Hace un tiempo, vinieron Miquel, Óscar y Pep y entre los cuatro surgió una idea que quiero llevar a cabo. Se trata de conseguir que muchas personas recen por China.

A todos, a lo largo de la vida, se nos presenta el “invitado imprevisto” en cualquiera de sus formas: pequeña contrariedad, molestia física, dolor en general, alguna enfermedad seria…

Había pensado desde el blog, que cada persona amiga pueda rezar y comprometerse a ofrecer su “invitado imprevisto” por un millón de chinos. ¿Cómo?

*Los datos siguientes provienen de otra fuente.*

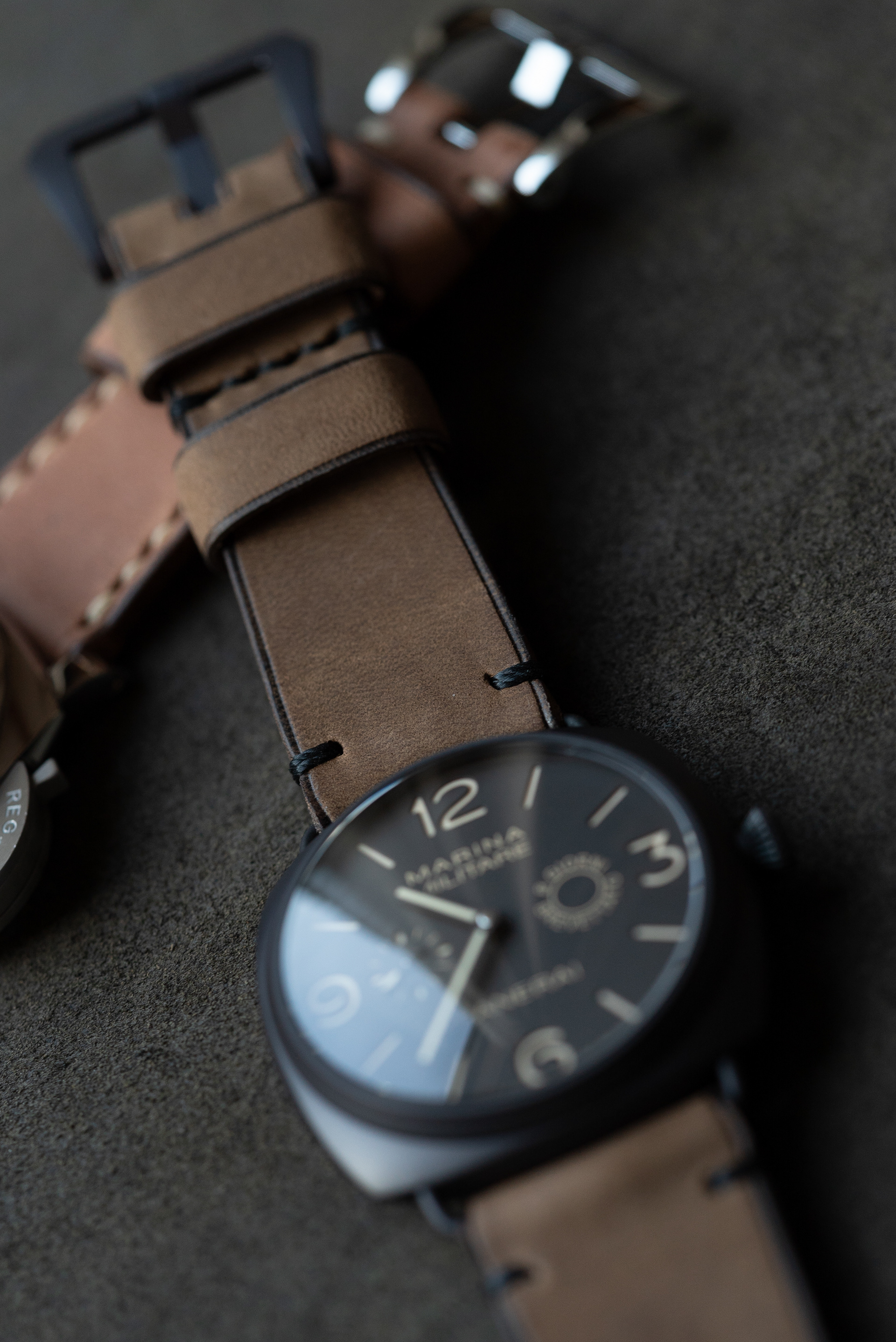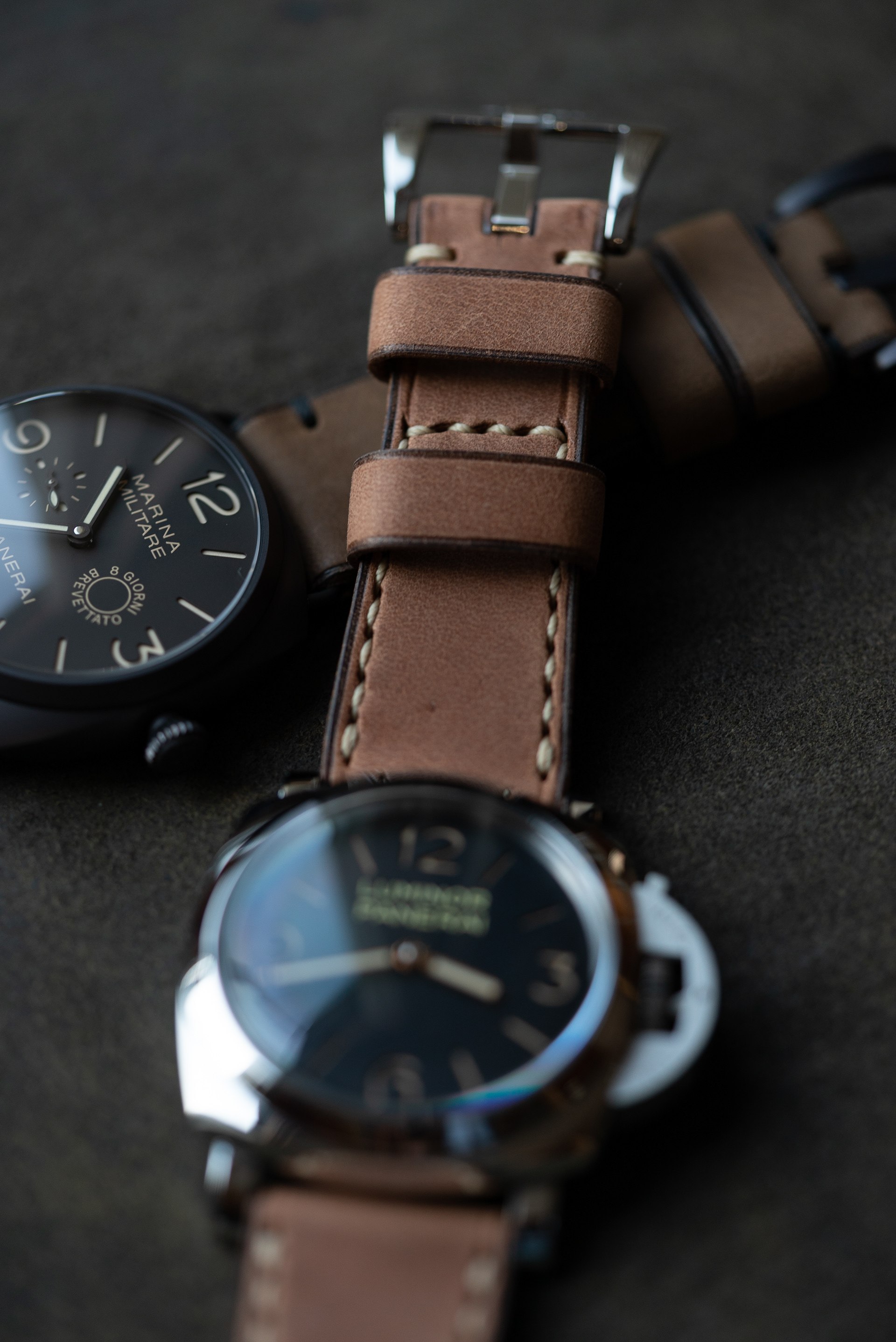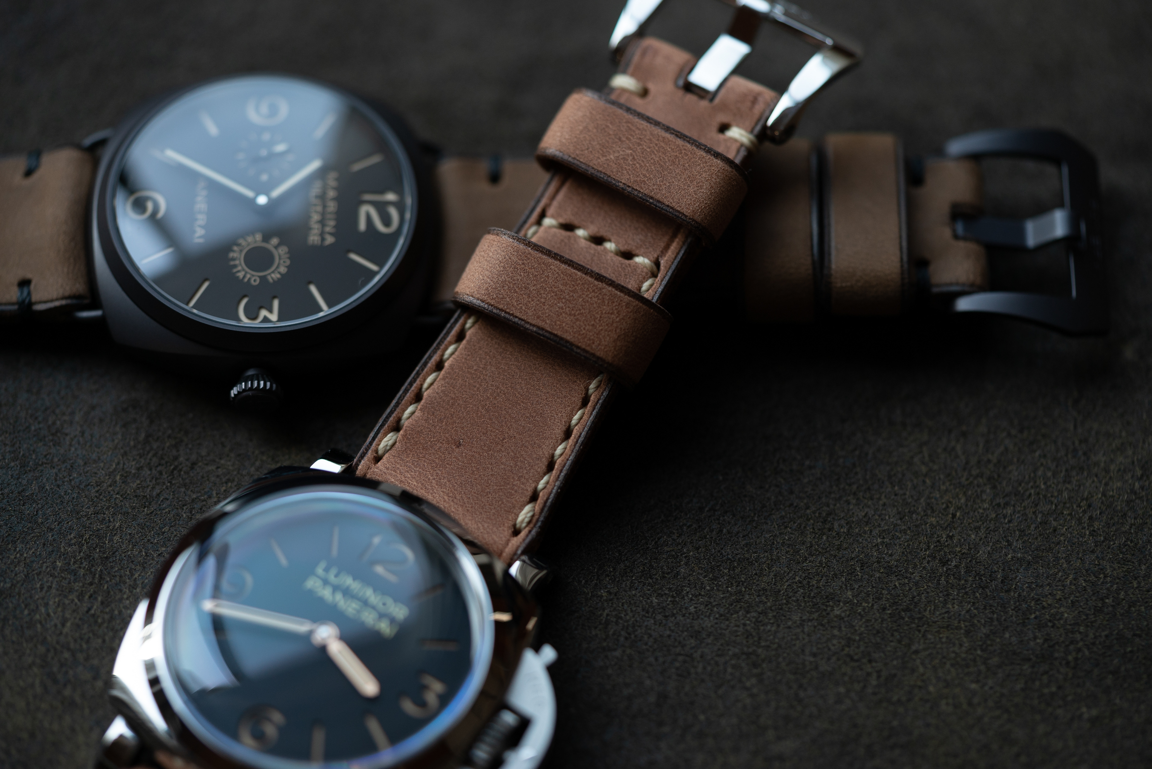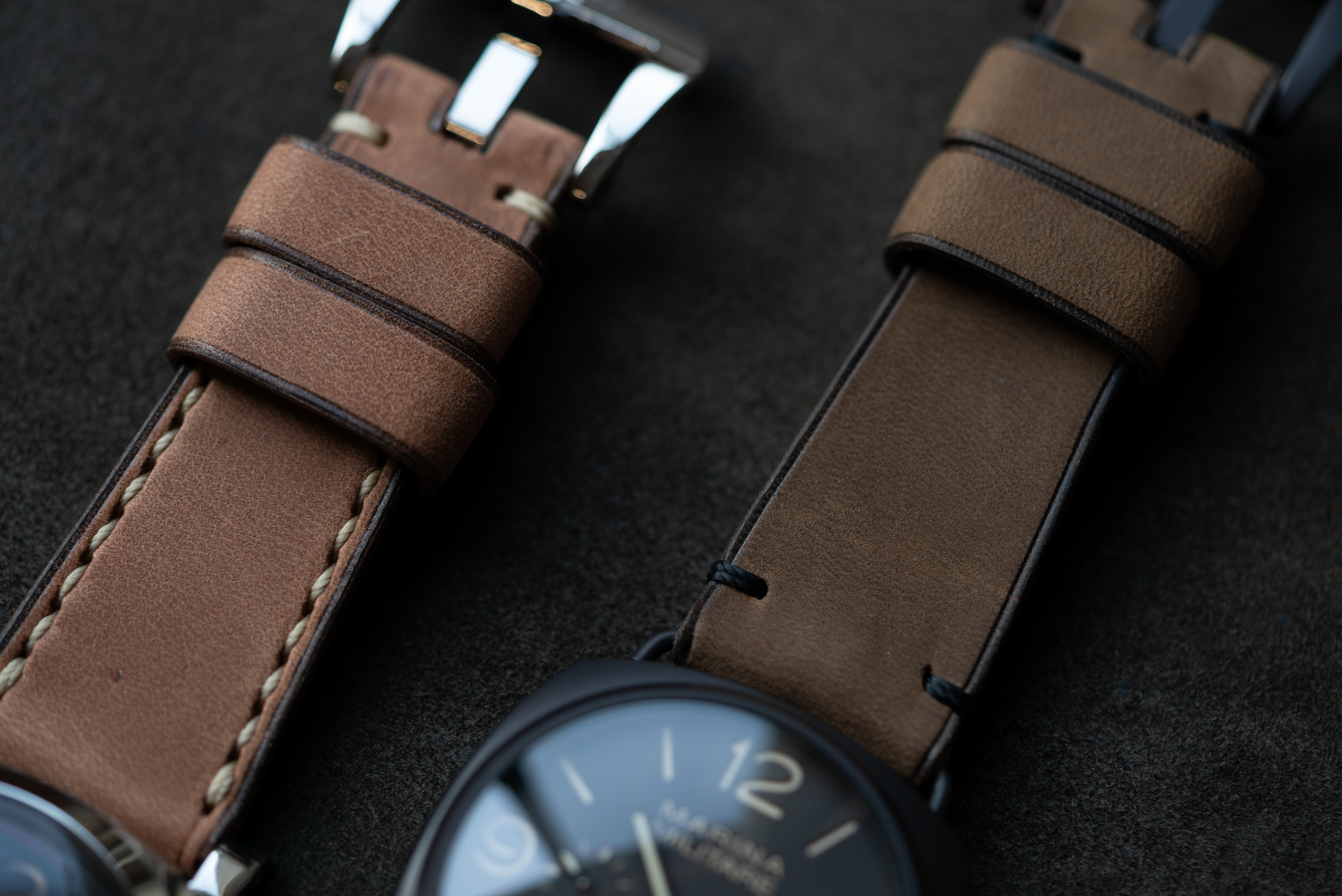 2つ共に微起毛牛ヌメ、ひとつはナチュラル色、もうひとつはカーキ色

Te propongo que formes parte de una especie de "carrusel de oraciones": rellenando este formulario te comprometes a rezar, todos los días, por uno de los más de 1.300 millones de chinos, de los cuales, se calcula que unos 12 millones (3%) son católicos. Tampoco es tan difícil, ¿no? Y, si me dejas tu correo, a medida que vayamos siendo más, te iré avisando.


Finalmente quiero mostraros algo que me hace mucha ilusión: El invitado imprevisto ya está en chino y aquí podéis ver la nueva portada... No entiendo nada, pero, ¿verdad que anima a rezar más por ese gran país? :)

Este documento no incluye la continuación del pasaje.